Further testing determined that the seizures were due to high dosage and Bupropion was reintroduced to the market in 1989 at a reduced maximum dosage of 450mg per day. It has since featured in the market in two generic forms of Wellbrutin SR and Wellbrutin XL.
Treatment Use Of Bupropion: Bupropion comes in a slow release tablet form. Bupropion is primarily an antidepressant medication that works by stimulating an increase in the production of the neurotransmitter dopamine to the nerves. It restores the balance of this and other neurotransmitters in the brain. Bupropion is quite effective on its own as an antidepressant, but is often used as a second option when initial antidepressant medication has failed. Bupropion has also been used in the manufacture of the drug Zyban. Zyban is a drug used to help smokers quit the habit. In its generic form of Wellbrutin XL, Bupropion can also be used in the treatment of mood disorders.
Drug Interactions With Bupropion: As indicated from its history, Bupropion should not be prescribed for patients with a history of, or a likelihood of, having seizures. That includes those who are on antipsychotic medications or undergoing withdrawal from sleep inducing medication. As Bupropion lowers the threshold for seizures, care must be taken when it is prescribed with other medication of similar properties. It should also not be taken with alcohol as this also can lead to reduced tolerance for seizures.
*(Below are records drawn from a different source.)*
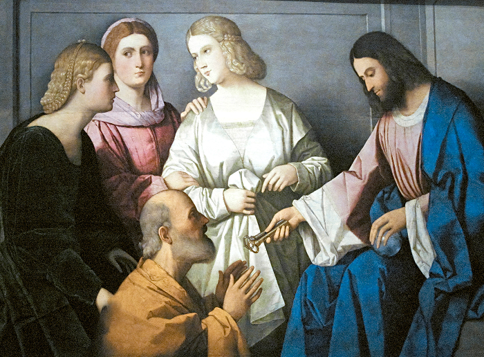 Mt 16, 13Ao chegar à região de Cesareia de Filipe, Jesus fez a seguinte pergunta aos seus discípulos: “Quem dizem os homens que é o Filho do Homem?” 14Eles responderam: “Uns dizem que é João Batista; outros, que é Elias; e outros, que é Jeremias ou algum dos profetas”. 15Perguntou-lhes de novo: “E vós, quem dizeis que Eu sou?” 16Tomando a palavra, Simão Pedro respondeu: “Tu és o Messias, o Filho de Deus vivo”. 17Jesus disse-lhe em resposta: “És feliz, Simão, filho de Jonas, porque não foi a carne nem o sangue que to revelou, mas o meu Pai que está no Céu. 18Também Eu te digo: tu és Pedro e sobre esta Pedra edificarei a minha Igreja, e as portas do inferno nada poderão contra ela. 19Dar-te-ei as chaves do Reino do Céu; tudo o que ligares na Terra ficará ligado no Céu e tudo o que desligares na Terra será desligado no Céu”.
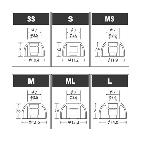 SednaEarfit XELASTEC IIは、一般サイズのStandardタイプを採用しています。中間サイズを含めたSS/S/MS/M/ML/Lの計6サイズで、より多くの方にフィッティングしやすくしています。
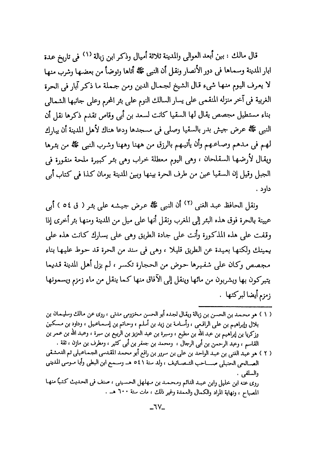 ونقل الحافظ عبد الغني (2) ان النبي صلى الله عليه وسلم عرض جيشه على بئر (ق54) ابي عيينة بالحرة فوق هذه البئر الى المغرب ونقل انها على ميل من المدينة ومنها بئر اخرى اذا وقفت على هذه المذكورة وانت على جادة الطريق وهي على يسارك كانت هسذه على يمينك ولكنها بعيدة عن الطريق قليلا، وهي في سند من الحرة قد حوط عليها بناء مجصص وكان على شفيرها حوض من الحجارة تكسر، لم يزل اهل المدينة قديما يتبركون بها ويشربون من مائها وينقل الى الافاق منها كما ينقل من ماء زمزم ويسمونها زمزم ايضا لبركتها.
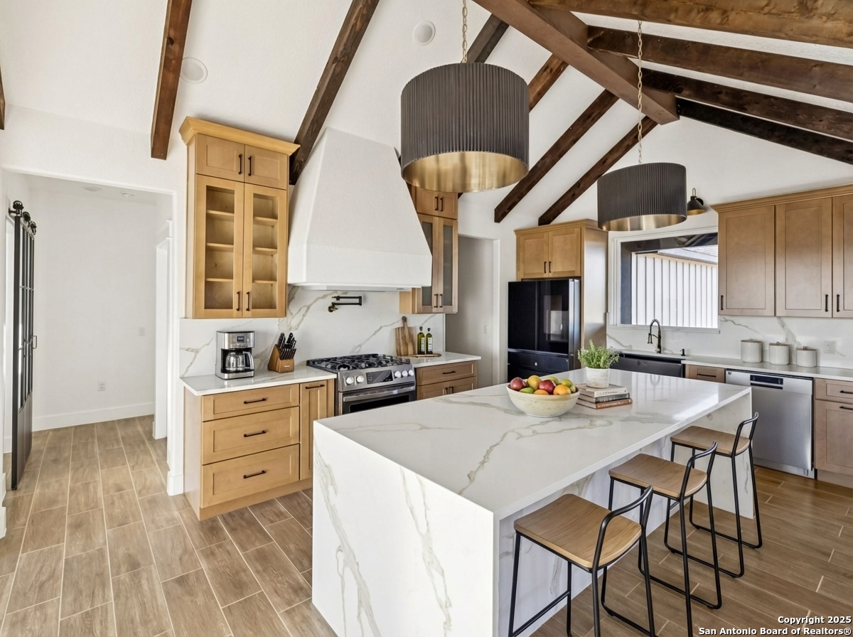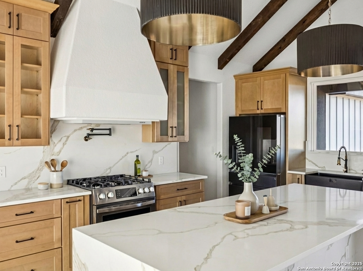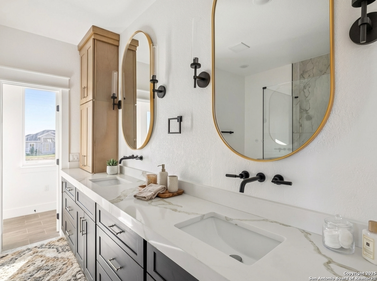 Step into a living room designed to impress, where soaring ceilings, refined architectural details, and a warm propane fireplace create an atmosphere of effortless sophistication. The space flows seamlessly into a chefinspired kitchen, beautifully appointed with new quartz countertops, sleek custom cabinetry, stainless steel appliances, and a generous walkin pantry-an elegant blend of style and function worthy of the most discerning entertainer. The dining area continues this sense of refinement, offering an inviting setting for intimate dinners or grand gatherings, all framed by the home's modern, elevated design. The primary suite is a sanctuary of luxury, featuring a serene ambiance, a spacious walkin closet, and a spalevel bathroom adorned with exquisite tilework, LED mirrors, and contemporary finishes that evoke a boutique hotel experience, while a second full master suite enhances the home's exclusivity, providing flexibility for multigenerational living or distinguished guest accommodations. The additional bedrooms are equally impressive, including a beautifully designed Jack and Jill layout with custom storage, stylish wood and black accents, and thoughtful details that elevate everyday living. Outdoors, the backyard offers a private retreat complete with a covered patio and a fully equipped outdoor kitchen-perfect for al fresco dining, weekend barbecues, or hosting under the stars-complemented by landscaping supported by a full sprinkler system and ample space for relaxation or entertaining, making this setting both peaceful and polished as it seamlessly extends the home's luxurious interior.
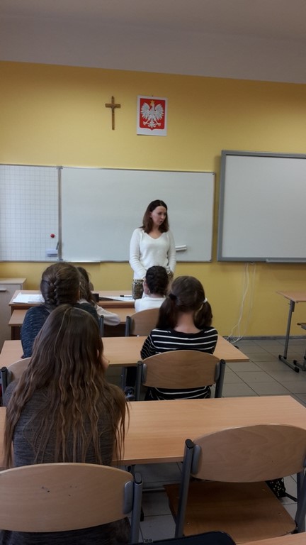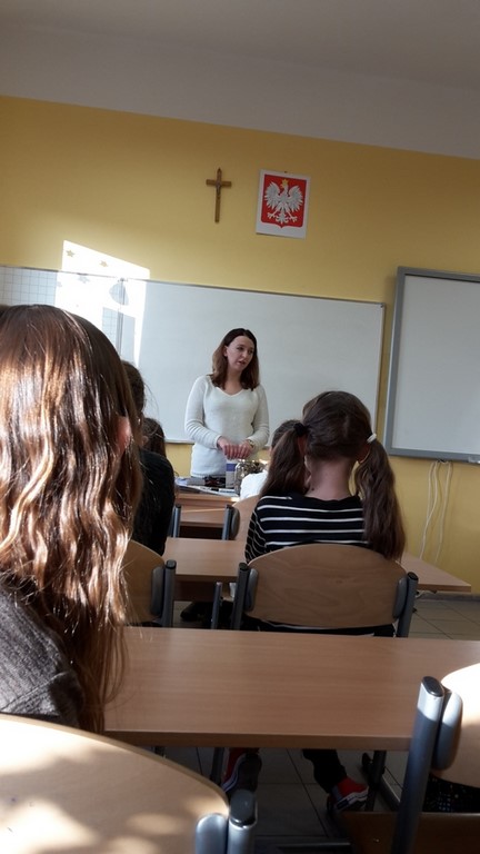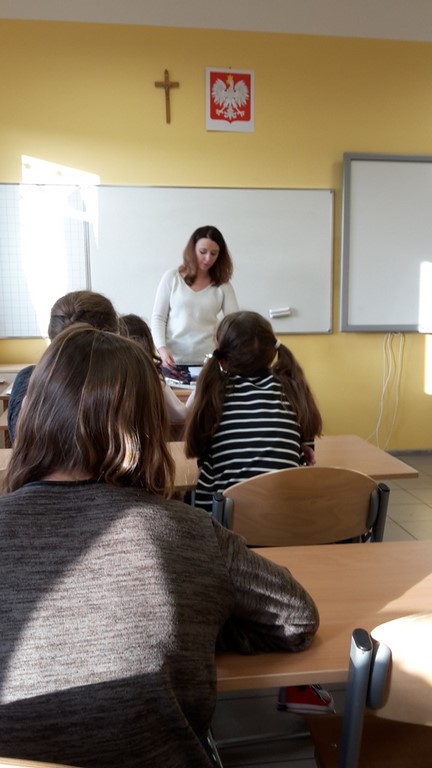 19 grudnia odwiedził Klub Odkrywców Niemieckiego działający w naszej szkole dzięki podpisaniu porozumienia z Domem Współpracy Polsko-Niemieckiej w Opolu specjalny gość – p. Anita Pendziałek, dziennikarka z polsko-niemieckiej redakcji Mittendrin. Pani Anita opowiedziała członkom klubu o swojej przygodzie z językiem niemieckim, a także o specyfice pracy dziennikarza radiowego. Klubowicze otrzymali od p. Anity także wiele ciekawych gadżetów!

Bupropion may also speed up the clearing away of other drugs from the system and this can affect their effectiveness. The dosage for Bupropion and any other prescribed medication should not be tampered with. When discussing with the doctor, all information should be revealed so that correct adjustments can be made on the prescription.
Side Effects: Bupropion may have mild side effects of nausea, constipation, sore throat, fainting, irregular heartbeat, severe headache and blurred vision. These effects are rare, but if they do occur, the patient should immediately consult with their doctor. Bupropion is overall, a well tolerated drug and it has been evidenced from trials that its use does not lead to weight gain. In fact the test group using Bupropion actually lost weight. As a result, Bupropion is currently being tested further in conjunction with other drugs to gauge its effectiveness as a weight loss drug. Unlike many other antidepressants, it also does not cause sexual dysfunction. For clinically depressed patients suffering some form of sexual dysfunction, Bupropion is the preferred antidepressant medication. A rare side effect of Bupropion is mania. It may occur when used in treatment of a bipolar disorder. The effect can be combated with the prescription of mood stabilizers. Bupropion has not been tested to determine its effects, if any, on pregnant women. However, as with any medication, it is advised that it not be prescribed during pregnancy unless there is no safer alternative. It should also be noted that the use of any antidepressants in both teenagers and adults can result in an increase in suicidal thoughts. If the prescription of Bupropion is deemed necessary, then its use and effects should be closely monitored for the patients' welfare.